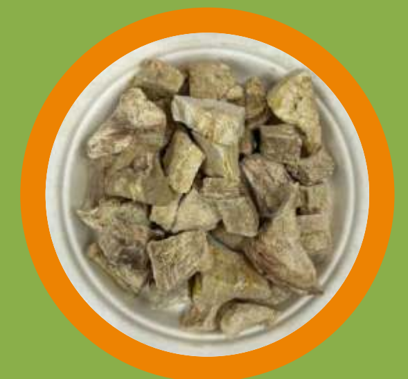
VIDARIKAND ( Pueraria Tuberosa )
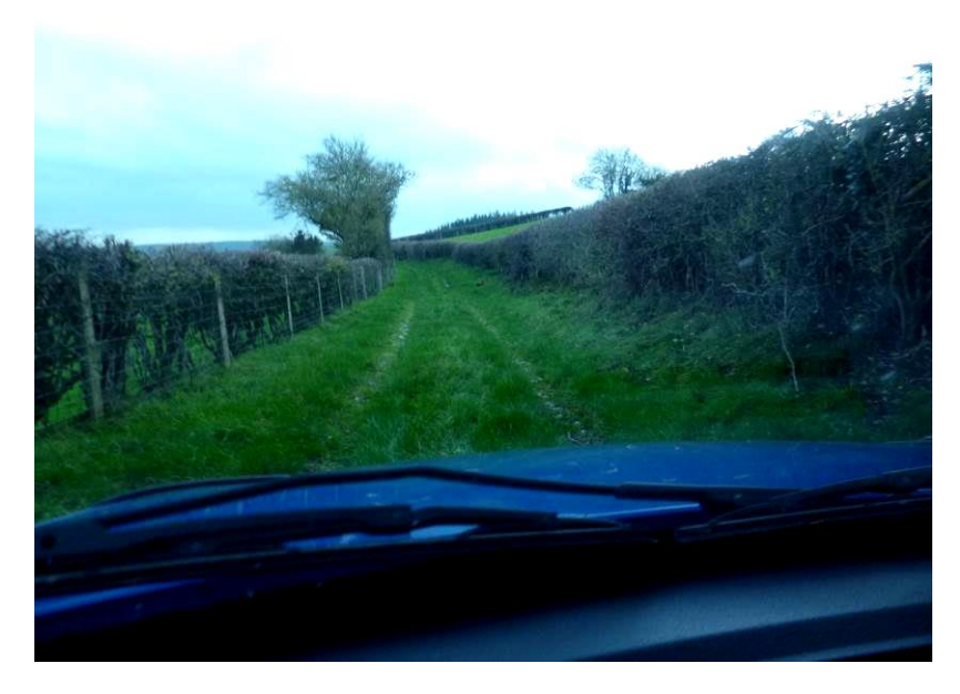
Fig.6: access to the meeting house is via a green lane through fields

The meeting house is notable for its remote location, set within farm land on the north side of the Dyffryn Meifod Efyrnwy valley and only accessible via a green lane through the fields past a farm. There is a small car park at the farm, from where Friends walk to Meeting. No other buildings are visible from the meeting house and burial ground, providing an unusually peaceful setting. The meeting house has a garden to the south, the burial ground to the east and beyond this to the east is a small wood. All these are enclosed by dry stone walls, with a rough track approach the meeting house along the south side of the wood. A path laid with small cobbles runs along the south front of the meeting house. The garden to the south of the building is lawned with shrubs and plants.
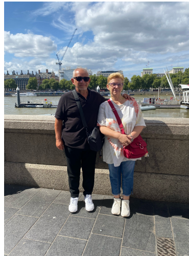
my parents in London
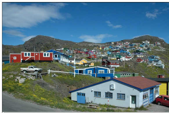
Wig-Wam Accommodation/Jaaraatooq Shop

**What is required**.
Pictures don't belong in the copy. Transcribe every record exactly as it appears.

**Task solution**.
VIDARIKAND ( Pueraria Tuberosa )
Fig.6: access to the meeting house is via a green lane through fields

The meeting house is notable for its remote location, set within farm land on the north side of the Dyffryn Meifod Efyrnwy valley and only accessible via a green lane through the fields past a farm. There is a small car park at the farm, from where Friends walk to Meeting. No other buildings are visible from the meeting house and burial ground, providing an unusually peaceful setting. The meeting house has a garden to the south, the burial ground to the east and beyond this to the east is a small wood. All these are enclosed by dry stone walls, with a rough track approach the meeting house along the south side of the wood. A path laid with small cobbles runs along the south front of the meeting house. The garden to the south of the building is lawned with shrubs and plants.
my parents in London
Wig-Wam Accommodation/Jaaraatooq Shop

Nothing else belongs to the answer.